'''

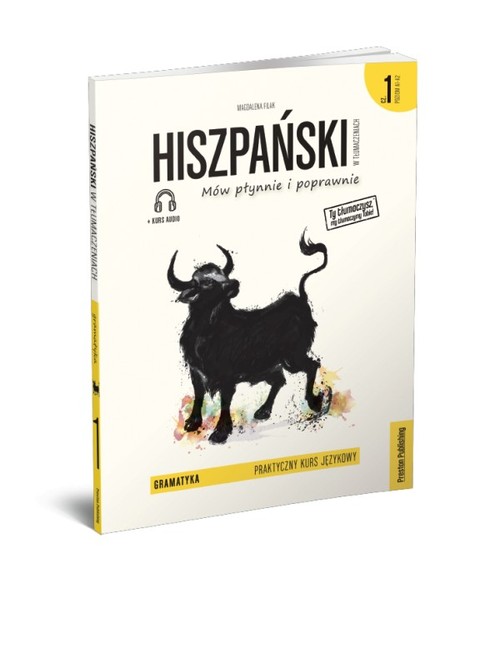 Książka do nauki języka hiszpańskiego Hiszpański w tłumaczeniach. Gramatyka 1 zawiera:jasny, nowatorski i przystępny układ stron usprawniający proces nauki, dzięki czemu staje się ona czystą przyjemnością,czytelnie i wyczerpująco wyjaśnioną teorię, dzięki czemu szybko zrozumiesz zasady gramatyczne języka hiszpańskiego,setki zdań i wyrażeń przydatnych na co dzień, ułożonych według zagadnień gramatycznych, zgodnie ze stopniowaniem trudności,praktyczne komentarze i wskazówki, dzięki którym nauczysz się właściwego użycia języka,płytę CD (MP3) z ponad czterogodzinnym kursem audio pomagającym w utrwaleniu przyswojonej wiedzy, ćwiczeniu wymowy i dobrego konstruowania zdań.Uwaga! Do nowych wydań książek nie są dołączone płyty CD. Nagrania mp3 można ściągnąć ze strony https://dopobrania.prestonpublishing.plTo książka wymarzona dla samouków i wszystkich, którzy chcą sprawdzić swoje umiejętności językowe na poziomie podstawowym. W prosty i jasny sposób przekazuje wiedzę na temat struktur gramatycznych i zachęca do ćwiczeń. Dzięki temu nauka języka hiszpańskiego staje się czystą przyjemnością!
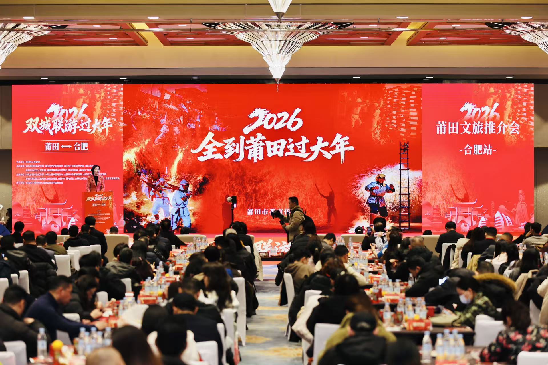 莆田市委常委、宣传部部长陈惠黔在推介时表示,希望以此次“双城联游过大年”活动为契机,学习好合肥在文旅多元融合、业态创新、品牌推广等方面的先进经验,推介好莆田历史和文化,宣传好本次推介活动,吸引更多游客走进两地、感受双城的独特魅力。她介绍,今年农历正月初四,莆田做大岁过大年,全市所有酒店为入住游客免费提供年夜饭,同时还赠送包括莆田优品在内的新春大礼包,当天乘坐公交车全城免费;今年春节元宵期间,莆田还将全面开放商圈、景区周边机关、企事业内部车位,对外地来莆车辆因不熟悉路况产生的轻微交通违法,原则上不予处罚。同时,莆田筹备了一系列丰富多彩的民俗文旅活动,包括农历正月初三至初九在全市各大公园举行莆田元宵民俗集中大展演、在城区绶溪公园举办为期一个月的“打铁花”表演、“千灯秀”闹元宵等,“年味”滚烫浓烈、精彩纷呈。诚挚邀请合肥及全国游客,2026年正月,全到莆田过大年,体验最火热的元宵民俗,感受最地道的宋韵闽风,来一次全国独一无二的莆田“过年”!
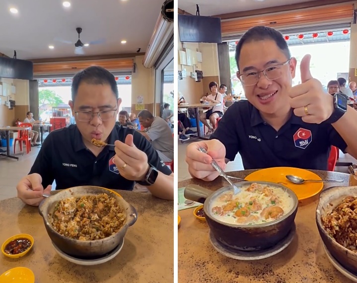 (峇株巴辖18日)5令吉砂煲鸡饭、砂煲鱼头米粉,行政议员阿顺赞:“料多又好吃!”
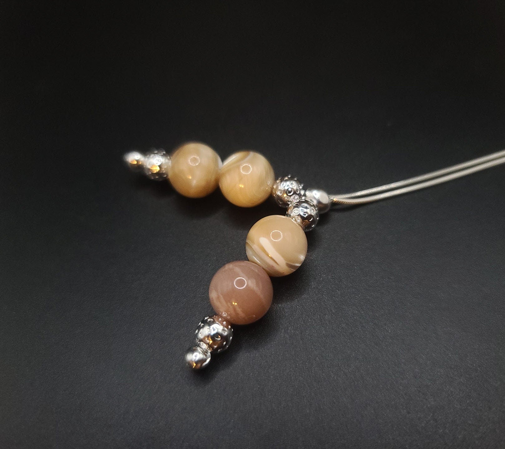 Each piece is hand-assembled with 100% natural stones and consists of either 25 beads - 21 in the body - and four at the top or 33 beads - 29 in the body - and four at the top on a 925 flexible Sterling Silver chain—a silver locking bead as a shield and eight silver accent beads on each piece.
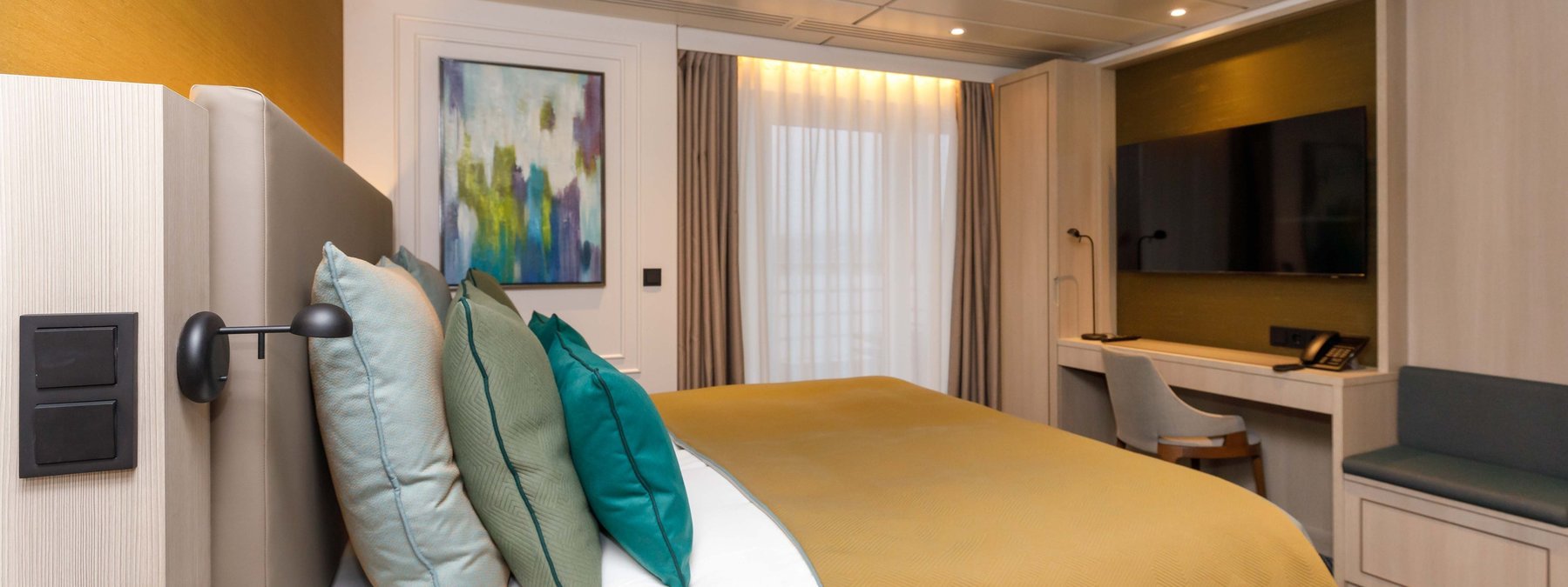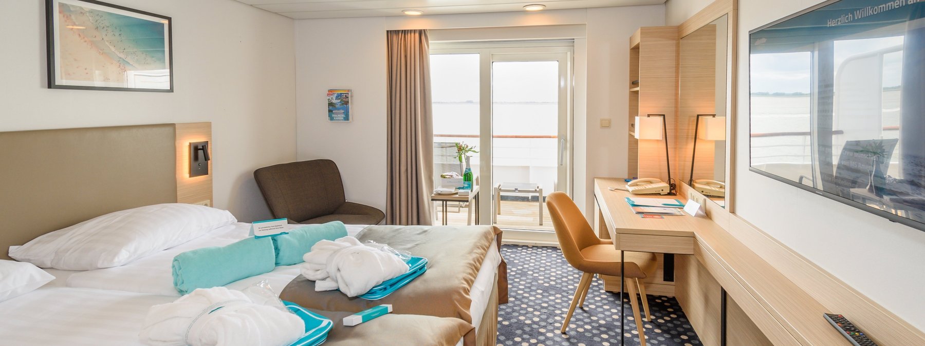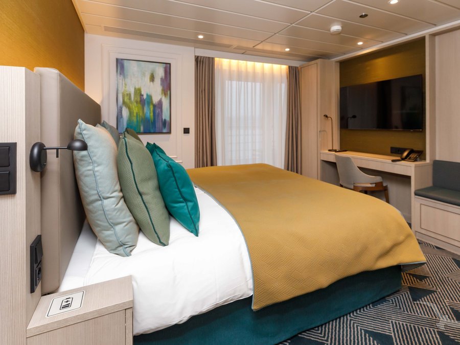 Die Kabinen verfügen über zwei Bullaugen oder ein Fenster (jeweils nicht zu öffnen) und 2 untere Betten. Zu der Ausstattung gehören ein begehbarer Kleiderschrank bzw. zwei große Schränke, Spiegelkommode mit mehreren Schubfächern und Stuhl, Sessel, Kaffeemaschine inklusive Kapseln (kostenlos), DU/WC, Duschgel/Shampoo. SAT-TV (Empfang abhängig vom Fahrgebiet), individuell regulierbare Klimaanlage, Telefon, Minibar, Safe, Fön.
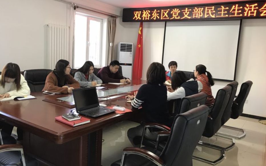 1月10日,双裕东区党支部召开民主生活会。双裕东区社区居民委员会9名工作人员参加会议。会上,党支部副书记安排了2018年第一季度工作内容,强调社区工作人员要多下社区、多观察、多学习、多关注群租房安全隐患、多慰问老人、多开展活动。此外,参会人员进行了批评与自我批评。
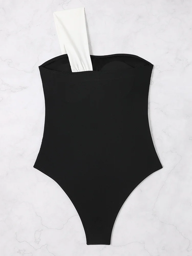 TAVIMART - Patchwork Bikinis One Shoulder Swimwear Pleated Swimsuits Woman Sexy Bathing Suit High Waist Beach Wear Summer Monokini

'''

#### TASK TO CARRY OUT:
What's needed is an exact copy of the records above from the line containing "(峇株巴辖18日)5令吉砂煲" down to the line containing "Each piece is", both included, without any pictures.

#### FINISHED TASK:
 (峇株巴辖18日)5令吉砂煲鸡饭、砂煲鱼头米粉,行政议员阿顺赞:“料多又好吃!”
 Each piece is hand-assembled with 100% natural stones and consists of either 25 beads - 21 in the body - and four at the top or 33 beads - 29 in the body - and four at the top on a 925 flexible Sterling Silver chain—a silver locking bead as a shield and eight silver accent beads on each piece.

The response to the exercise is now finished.